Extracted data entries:

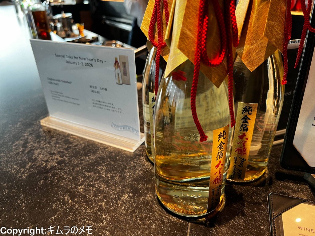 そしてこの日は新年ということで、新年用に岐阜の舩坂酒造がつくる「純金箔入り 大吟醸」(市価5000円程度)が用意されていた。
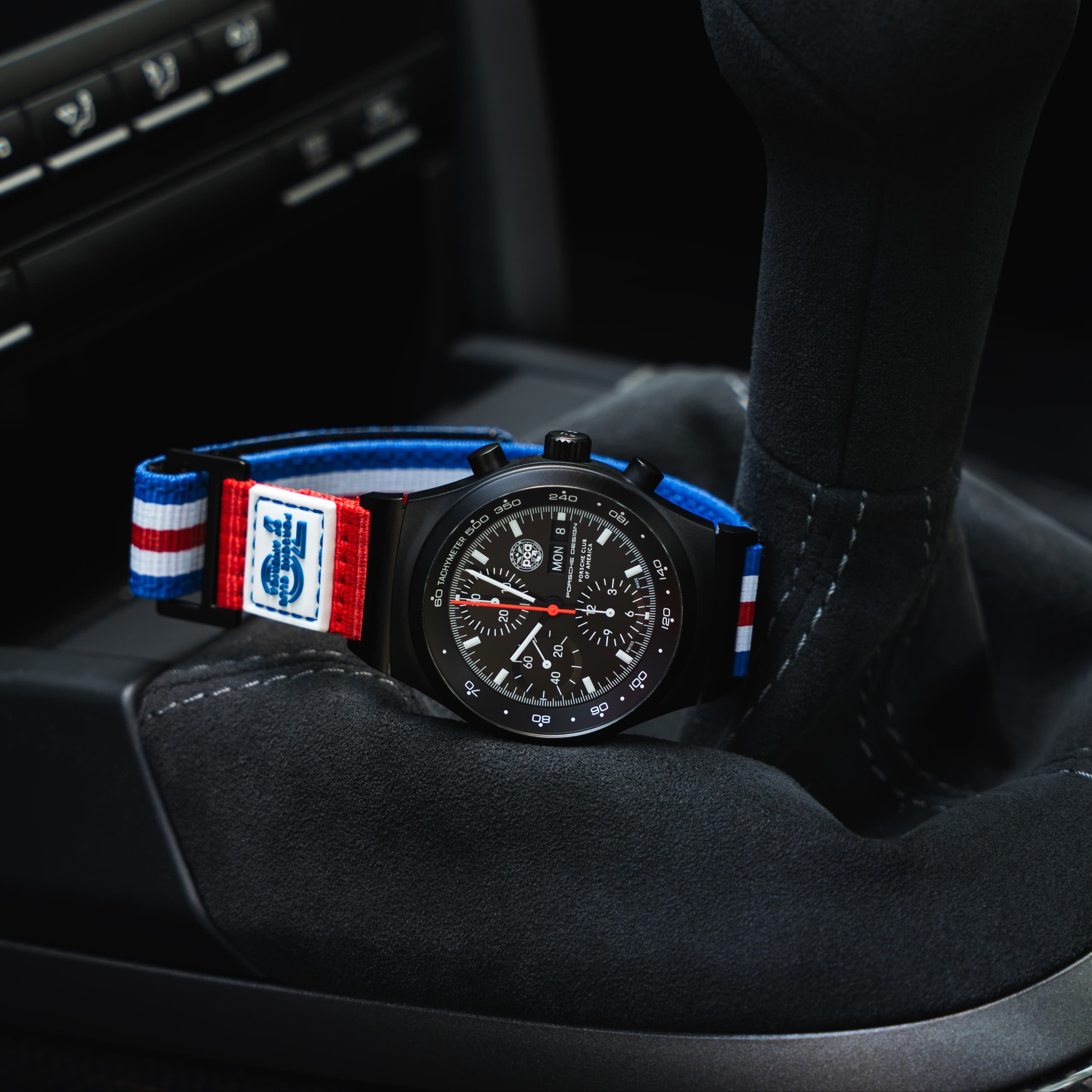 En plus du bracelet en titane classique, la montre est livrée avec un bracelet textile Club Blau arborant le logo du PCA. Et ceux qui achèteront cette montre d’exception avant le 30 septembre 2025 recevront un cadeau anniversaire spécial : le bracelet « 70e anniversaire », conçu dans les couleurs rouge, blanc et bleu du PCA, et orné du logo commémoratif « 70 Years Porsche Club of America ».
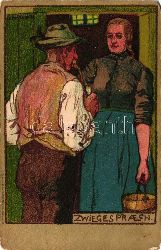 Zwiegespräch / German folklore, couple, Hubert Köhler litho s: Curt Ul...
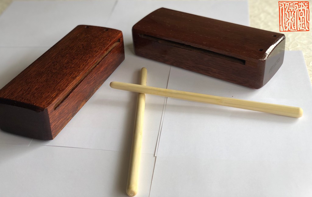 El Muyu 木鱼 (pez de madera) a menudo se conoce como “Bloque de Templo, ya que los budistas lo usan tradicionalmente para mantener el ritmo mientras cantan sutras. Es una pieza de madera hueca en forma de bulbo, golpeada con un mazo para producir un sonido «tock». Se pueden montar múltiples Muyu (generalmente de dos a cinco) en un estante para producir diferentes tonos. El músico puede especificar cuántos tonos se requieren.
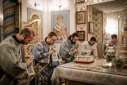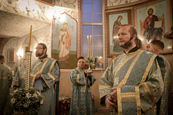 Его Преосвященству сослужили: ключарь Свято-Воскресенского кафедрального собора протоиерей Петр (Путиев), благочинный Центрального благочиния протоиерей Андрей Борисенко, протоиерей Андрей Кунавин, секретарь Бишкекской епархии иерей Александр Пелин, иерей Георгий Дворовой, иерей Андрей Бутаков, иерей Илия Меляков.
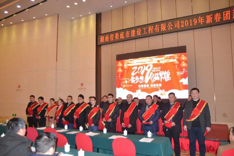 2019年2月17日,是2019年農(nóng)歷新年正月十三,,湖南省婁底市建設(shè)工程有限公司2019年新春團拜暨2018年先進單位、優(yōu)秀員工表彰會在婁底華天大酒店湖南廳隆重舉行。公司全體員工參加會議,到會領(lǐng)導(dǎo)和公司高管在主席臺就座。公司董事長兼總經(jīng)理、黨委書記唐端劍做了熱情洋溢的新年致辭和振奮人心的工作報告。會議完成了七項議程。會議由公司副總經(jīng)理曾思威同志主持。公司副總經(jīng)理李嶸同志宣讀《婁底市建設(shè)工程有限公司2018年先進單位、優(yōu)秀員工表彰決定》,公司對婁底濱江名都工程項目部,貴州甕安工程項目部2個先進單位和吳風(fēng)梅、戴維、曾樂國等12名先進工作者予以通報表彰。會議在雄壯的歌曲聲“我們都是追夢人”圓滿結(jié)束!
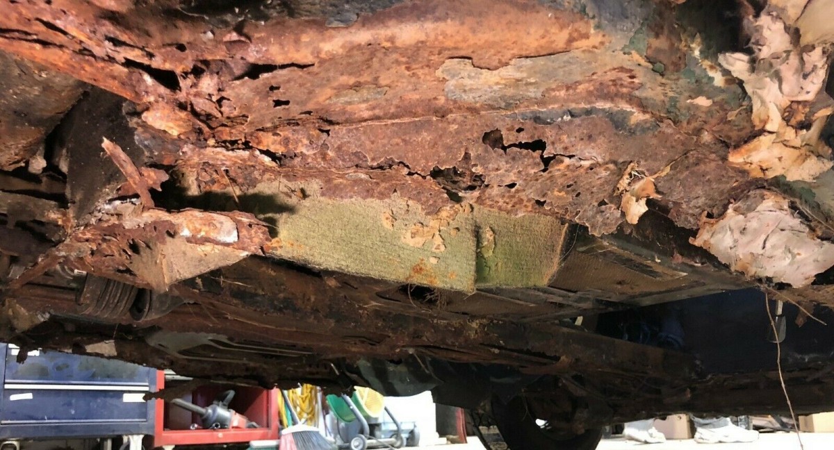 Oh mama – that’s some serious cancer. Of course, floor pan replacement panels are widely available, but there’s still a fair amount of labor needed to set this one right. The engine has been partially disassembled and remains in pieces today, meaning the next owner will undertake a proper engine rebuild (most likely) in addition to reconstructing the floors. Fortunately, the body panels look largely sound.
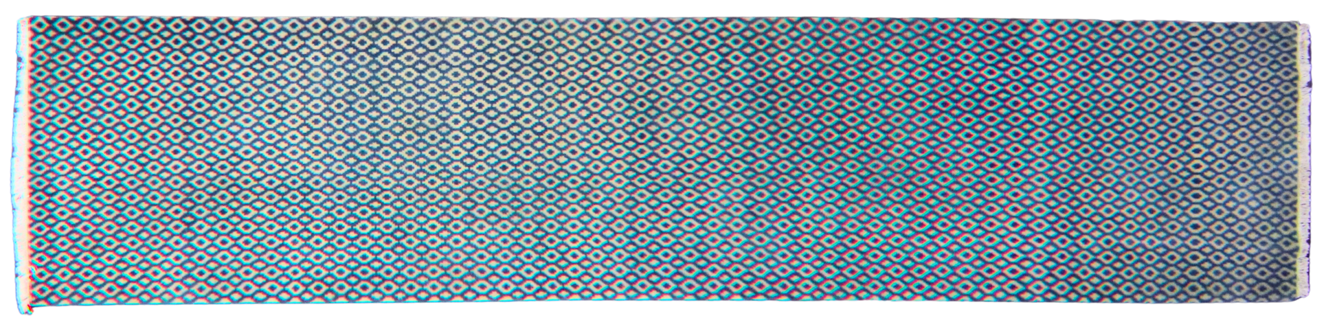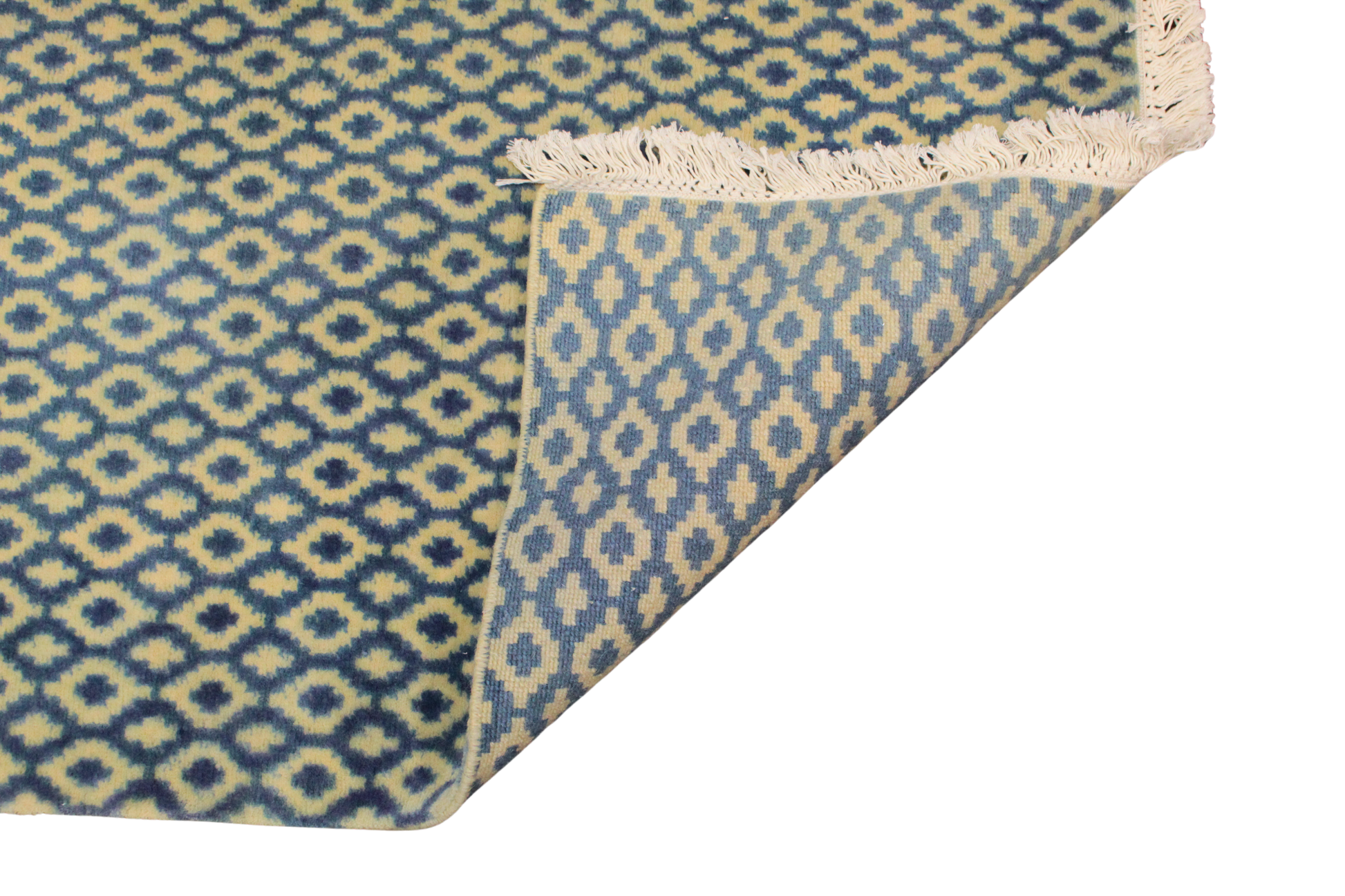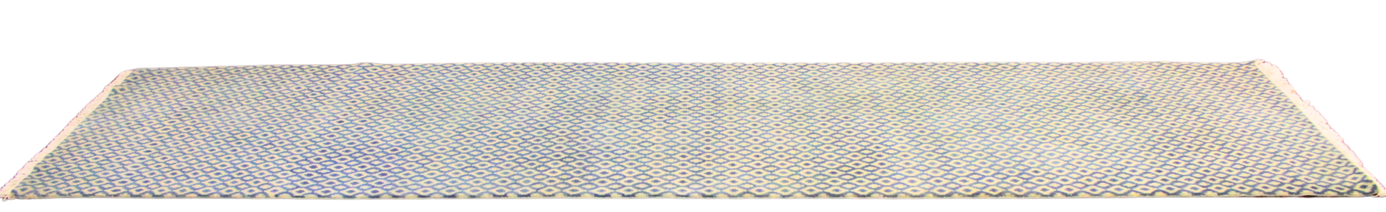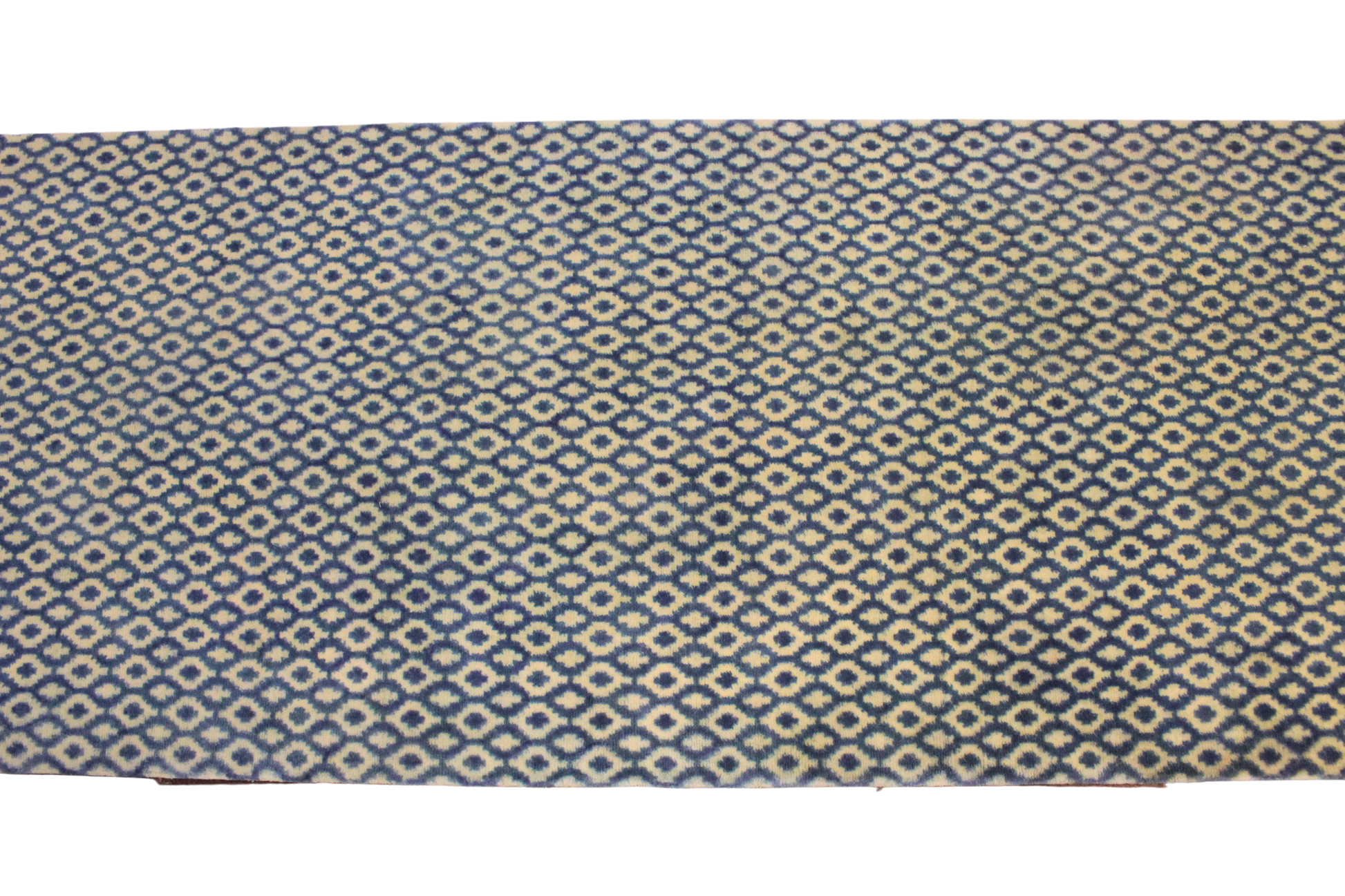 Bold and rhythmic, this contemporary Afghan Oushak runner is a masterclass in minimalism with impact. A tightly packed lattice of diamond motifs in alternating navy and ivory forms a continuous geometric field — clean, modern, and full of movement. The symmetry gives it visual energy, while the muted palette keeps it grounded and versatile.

**Your objective**: The entries above, without their pictures, should be written out exactly.

**Answer for this exercise**:
 そしてこの日は新年ということで、新年用に岐阜の舩坂酒造がつくる「純金箔入り 大吟醸」(市価5000円程度)が用意されていた。
 En plus du bracelet en titane classique, la montre est livrée avec un bracelet textile Club Blau arborant le logo du PCA. Et ceux qui achèteront cette montre d’exception avant le 30 septembre 2025 recevront un cadeau anniversaire spécial : le bracelet « 70e anniversaire », conçu dans les couleurs rouge, blanc et bleu du PCA, et orné du logo commémoratif « 70 Years Porsche Club of America ».
 Zwiegespräch / German folklore, couple, Hubert Köhler litho s: Curt Ul...
 El Muyu 木鱼 (pez de madera) a menudo se conoce como “Bloque de Templo, ya que los budistas lo usan tradicionalmente para mantener el ritmo mientras cantan sutras. Es una pieza de madera hueca en forma de bulbo, golpeada con un mazo para producir un sonido «tock». Se pueden montar múltiples Muyu (generalmente de dos a cinco) en un estante para producir diferentes tonos. El músico puede especificar cuántos tonos se requieren.
 Его Преосвященству сослужили: ключарь Свято-Воскресенского кафедрального собора протоиерей Петр (Путиев), благочинный Центрального благочиния протоиерей Андрей Борисенко, протоиерей Андрей Кунавин, секретарь Бишкекской епархии иерей Александр Пелин, иерей Георгий Дворовой, иерей Андрей Бутаков, иерей Илия Меляков.
 2019年2月17日,是2019年農(nóng)歷新年正月十三,,湖南省婁底市建設(shè)工程有限公司2019年新春團拜暨2018年先進單位、優(yōu)秀員工表彰會在婁底華天大酒店湖南廳隆重舉行。公司全體員工參加會議,到會領(lǐng)導(dǎo)和公司高管在主席臺就座。公司董事長兼總經(jīng)理、黨委書記唐端劍做了熱情洋溢的新年致辭和振奮人心的工作報告。會議完成了七項議程。會議由公司副總經(jīng)理曾思威同志主持。公司副總經(jīng)理李嶸同志宣讀《婁底市建設(shè)工程有限公司2018年先進單位、優(yōu)秀員工表彰決定》,公司對婁底濱江名都工程項目部,貴州甕安工程項目部2個先進單位和吳風(fēng)梅、戴維、曾樂國等12名先進工作者予以通報表彰。會議在雄壯的歌曲聲“我們都是追夢人”圓滿結(jié)束!
 Oh mama – that’s some serious cancer. Of course, floor pan replacement panels are widely available, but there’s still a fair amount of labor needed to set this one right. The engine has been partially disassembled and remains in pieces today, meaning the next owner will undertake a proper engine rebuild (most likely) in addition to reconstructing the floors. Fortunately, the body panels look largely sound.
 Bold and rhythmic, this contemporary Afghan Oushak runner is a masterclass in minimalism with impact. A tightly packed lattice of diamond motifs in alternating navy and ivory forms a continuous geometric field — clean, modern, and full of movement. The symmetry gives it visual energy, while the muted palette keeps it grounded and versatile.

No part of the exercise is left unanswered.